Неслышно раздвинулись занавески, и в комнату заглянула хозяйская дочь, Маруся. Вот ведь тоже совпадение. Увидела, что Павел уже не спит, вошла с тихой улыбкой. Красавица. Стройная, с высокой грудью, с длинной русой косой, серыми глазами, румяная, одно слово — кровь с молоком. И сразу видать, что Павел ей приглянулся. Да и что не приглянуться? Парень видный. Высокий, плечистый, лицом светлый, не кривой, не косой, и волосы пшеничные, да такие густые, что мать-покойница бывало шутила: с такими за вихор таскать хорошо. И все бы у них могло сладиться, да вот только, глядя в серые Марусины глаза, вспоминал Павел другие, голубые, лучистые, и начинало ныть у Павла за грудиной, так ныло, что даже рукой тер. А Маруся — добрая душа хлопотать начинала, думала, рана.
— Доброе утро, Павел Терентьевич, — улыбнулась девушка, вплыла в комнату, потрогала прохладной мягкой рукой лоб. — Как чувствуете себя? Не болит сегодня? А самовар вот-вот будет. Я вам сейчас умыться принесу.
Павел в ответ только улыбался благодарной виноватой улыбкой.

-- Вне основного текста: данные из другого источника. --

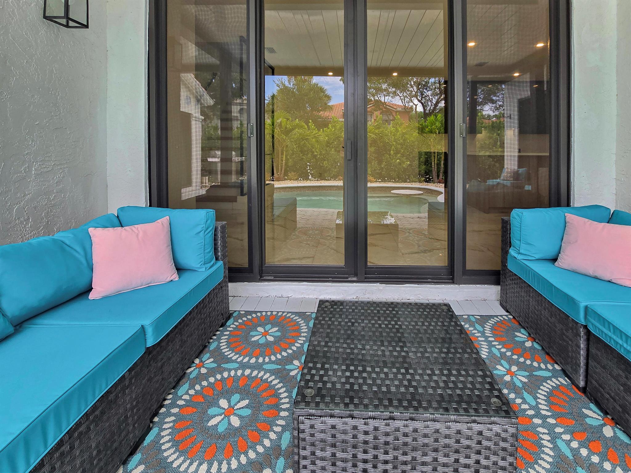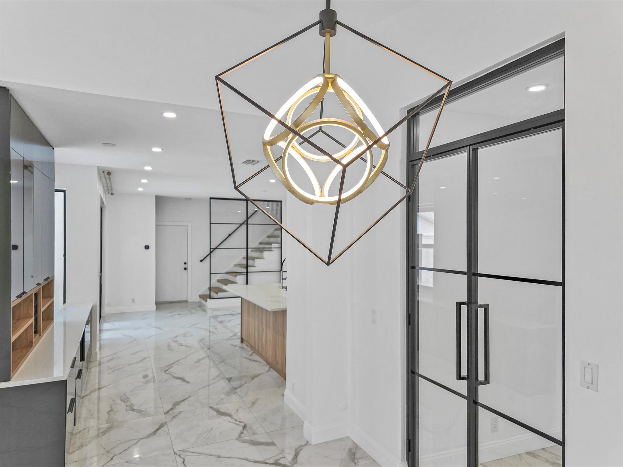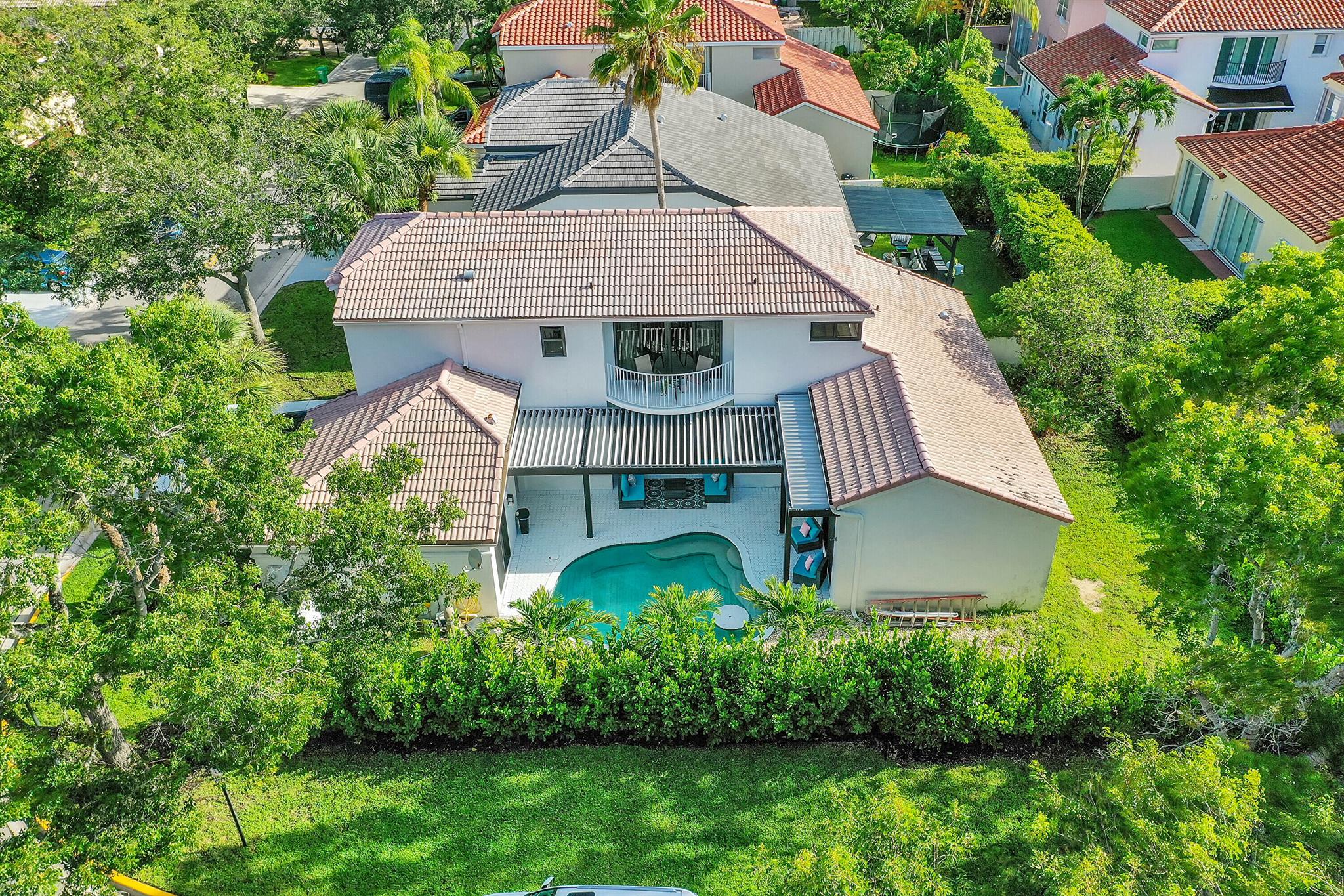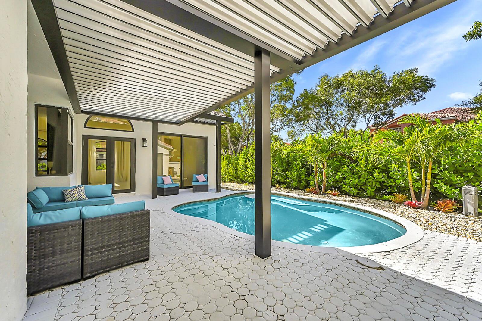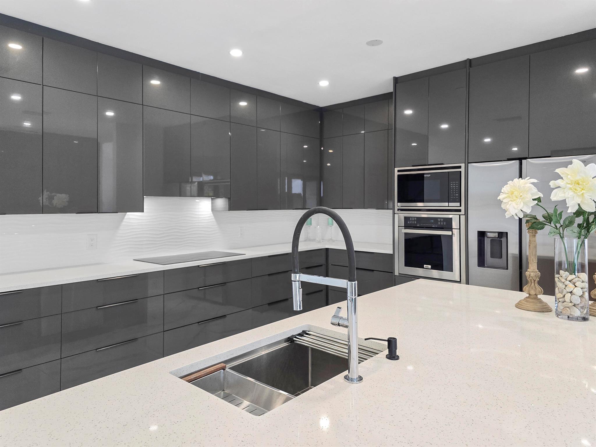 This meticulously remodeled home in the tree-lined neighborhood of Kensington is located near both Parkland and Coral Springs. It falls within the Country Hills Elementary and Marjory Stoneman Douglas High School districts. The bespoke kitchen stands out with its floor-to-ceiling imported Egger and Krono Swiss grey gloss cabinets lined with Austrian oak, showcasing the latest in European design. It also features a custom coffee/wine bar and a storage island accommodating six stools. The kitchen is equipped with a new stainless vertical fridge, an in-wall oven/microwave, an embedded glass top range, and a touchless exhaust hood, making it a perfect space for gourmet entertaining with glowing pool views.The living room impresses with its 22-foot vaulted ceilings, panoramic pool views,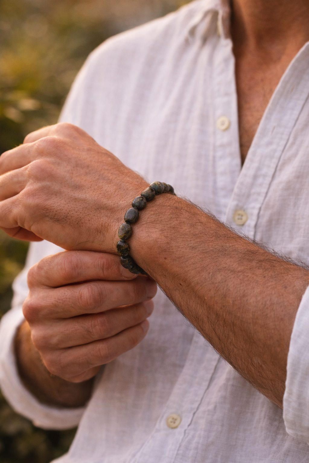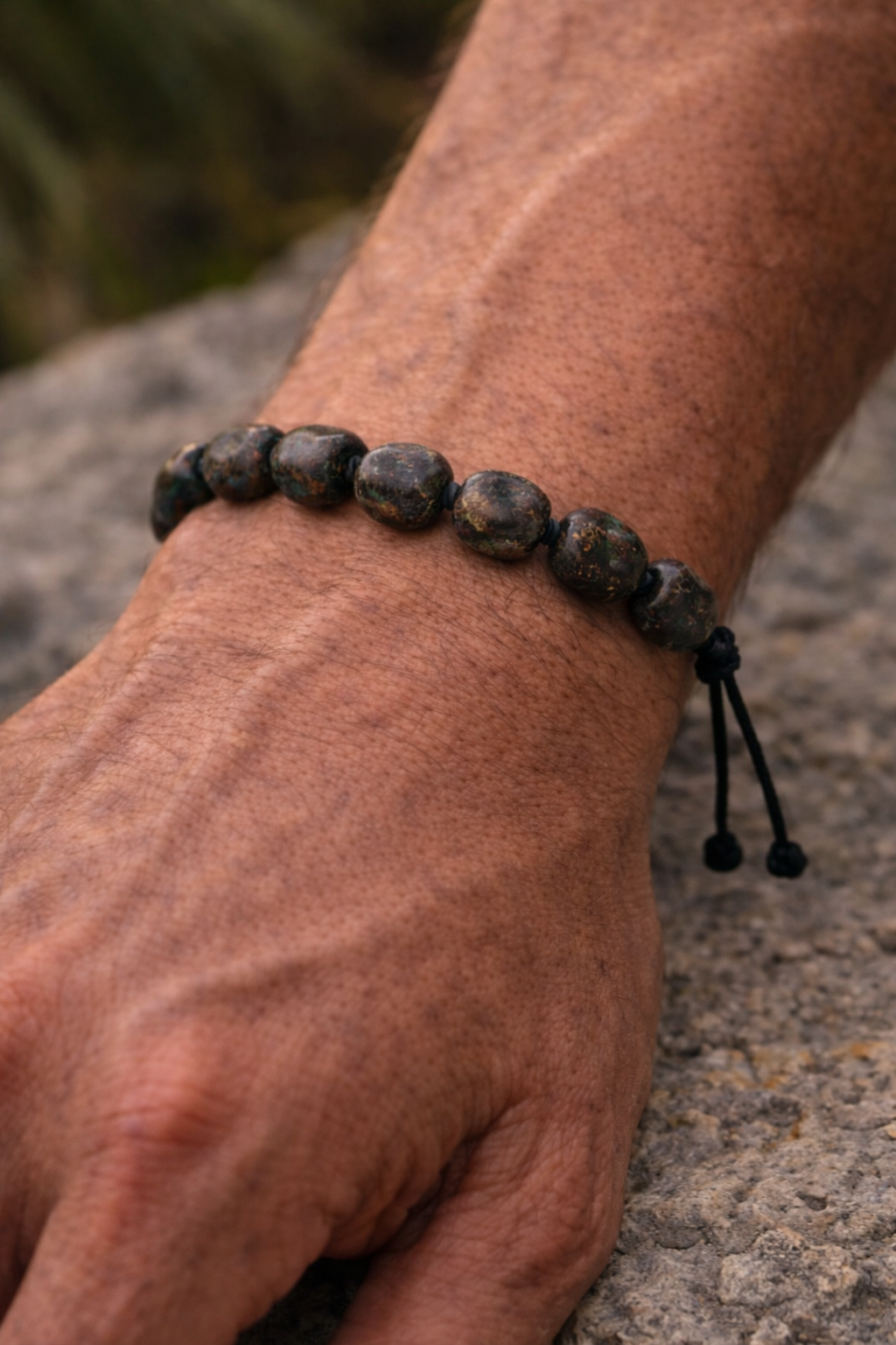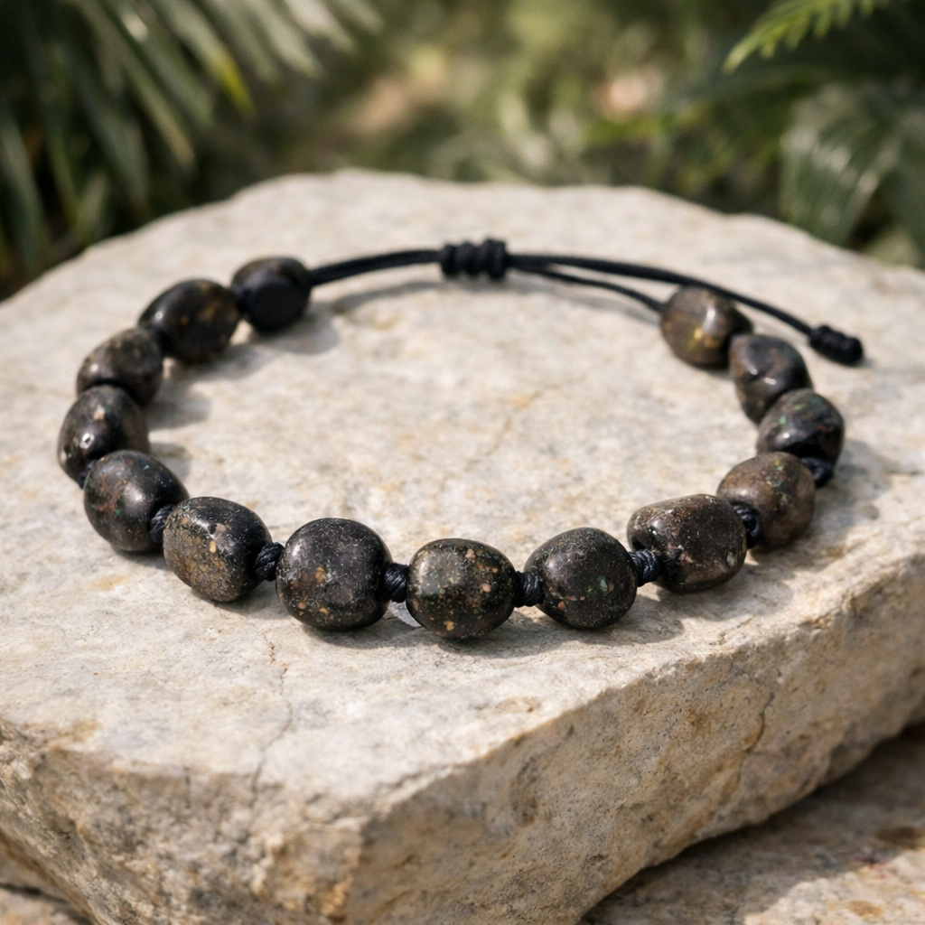 Das Armband hat einen rohen, natürlichen Stil, inspiriert von den Farben der Erde und Mineralien. Die zurückhaltende Farbgebung macht es passend für den Alltag ebenso wie für minimalistischen Herrenschmuck.

Так все у них и шло. Павел выздоравливал, хозяйка с дочкой за ним ходили, а вокруг города Екатеринбурга гремели взрывы, грохотали пушки, строчили пулеметы, и не сегодня завтра ожидалась горожанами смена власти. Осталось большевистской власти от силы день-два. Да леший с ней, с этой властью! Туда ей и дорога! Как ни худо при царе было, а уж детей невинных при ней по подвалам не стреляли. И снова заныло у Павла сердце.
Вспомнил он, как пришел в себя, как разговаривать начал, как спросил, что в городе творится. Думал: а вдруг горожане, узнав о зверстве, которое комиссары в Ипатьевском доме учинили, на улицы высыпали и даже, может, арестовали иродов за беззаконие кровавое и судить будут. И как он едва в горячку не впал, когда узнал, что городские газеты пишут.
Царя расстреляли, а его семью вывезли в надежное место. Да уж, надежное. На тот свет. Куда уж надежнее! И ведь как и где схоронили, ни одной живой душе неизвестно. Но Павел о своих мыслях помалкивал. Даже хозяйке с дочкой о виденном в Ипатьевском доме ни словечком не обмолвился. А стреляли в него на улице бандиты, медальон вот сорвали с груди, а больше поживиться было нечем. Так вот он и жил. Солнечными пятнами на потолке любовался, чай пил, выздоравливал, а потихоньку плакал. Плакал о великой княжне, о ее оборванной жизни, о других невинно убиенных. А по ночам ему иногда снился крик горничной: «Слава Богу! Меня Бог спас!», и тогда он кричал сам во сне. А Маруся прибегала к нему в одной сорочке, накинув на плечи платок, и клала ему на лоб холодный компресс. Да разве тут компрессом поможешь?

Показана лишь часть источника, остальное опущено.